I tried following ways, the cache can't be disabled.
I got 2T data, but I also got more than 2T cache file. I got pressure on storage. I need to diable cache or cleaned immediately after processed. Following ways are all not working, please give some help!
from datasets import disable_caching
from transformers import AutoTokenizer
disable_caching()
tokenizer = AutoTokenizer.from_pretrained(args.tokenizer_path)
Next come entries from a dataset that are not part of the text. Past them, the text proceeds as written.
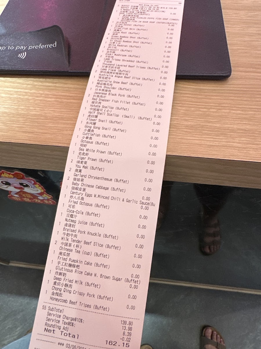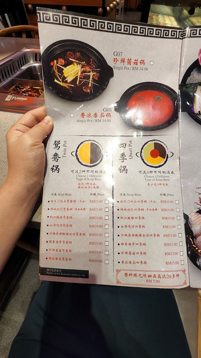 Alongside the main hotpot offerings, the menu includes a variety of unlimited sauces and desserts for a small additional cost, enhancing the overall experience without overwhelming the simplicity of the meal. These choices provide a comforting balance between familiar flavors and a touch of indulgence, fitting well with the restaurant’s warm and inviting atmosphere.
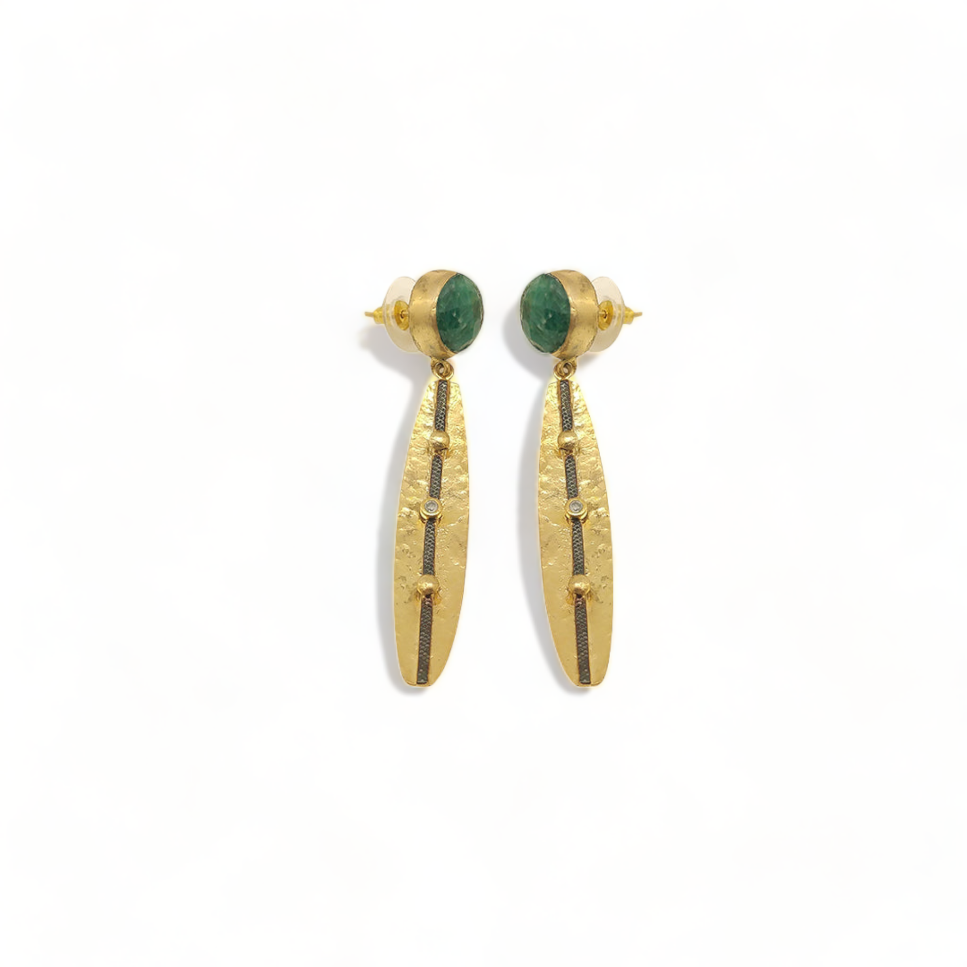 Radiant Beauty: Gold-Plated Handmade Earrings with Emerald Corundum and CZ Stones. it doesn't tarnish and nonallergic. Step into the world of timeless elegance and artisan craftsmanship with our Gold-Plated Handmade Earrings. These are more than just earrings; they're an embodiment of creativity, each pair meticulously crafted to celebrate the enchanting allure of emerald corundum and CZ stones, elegantly adorning a contemporary design.
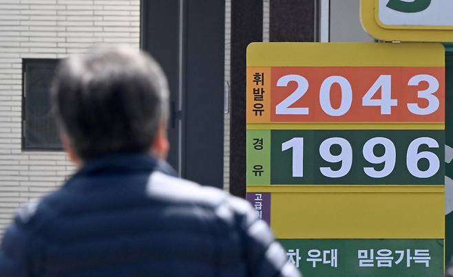3차 석유 최고가격제가 시행된 지 사흘째인 12일 서울 마포구의 한 주유소에 유가 정보가 표시돼 있다.
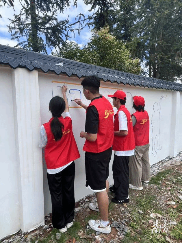 实践团前往广东清远市连山壮族瑶族自治县壮瑶文化部落,深化推进当地少数民族文化传承工作,开展“非遗传承+乡村振兴”主题调研活动。实践团成员们参访连山壮族瑶族自治县壮瑶宝生态产业开发有限公司,并开展墙绘创作。烈日下,队员们以画笔为媒,为永和中学的校园增添了一幅绚丽的文化景观。

def tokenization_fn(examples):
column_name = 'text' if 'text' in examples else 'data'
tokenized_inputs = tokenizer(
examples[column_name], return_special_tokens_mask=True, truncation=False,
max_length=tokenizer.model_max_length
)
return tokenized_inputs
data = load_dataset('json', data_files=save_local_path, split='train', cache_dir=None)
data.cleanup_cache_files()
updated_dataset = data.map(tokenization_fn, load_from_cache_file=False)
updated_dataset .cleanup_cache_files()
Describe the bug
I tried following ways, the cache can't be disabled.
I got 2T data, but I also got more than 2T cache file. I got pressure on storage. I need to diable cache or cleaned immediately after processed. Following ways are all not working, please give some help!
Expected behavior
no cache file generated
Environment info
Ubuntu 20.04.6 LTS datasets 3.0.2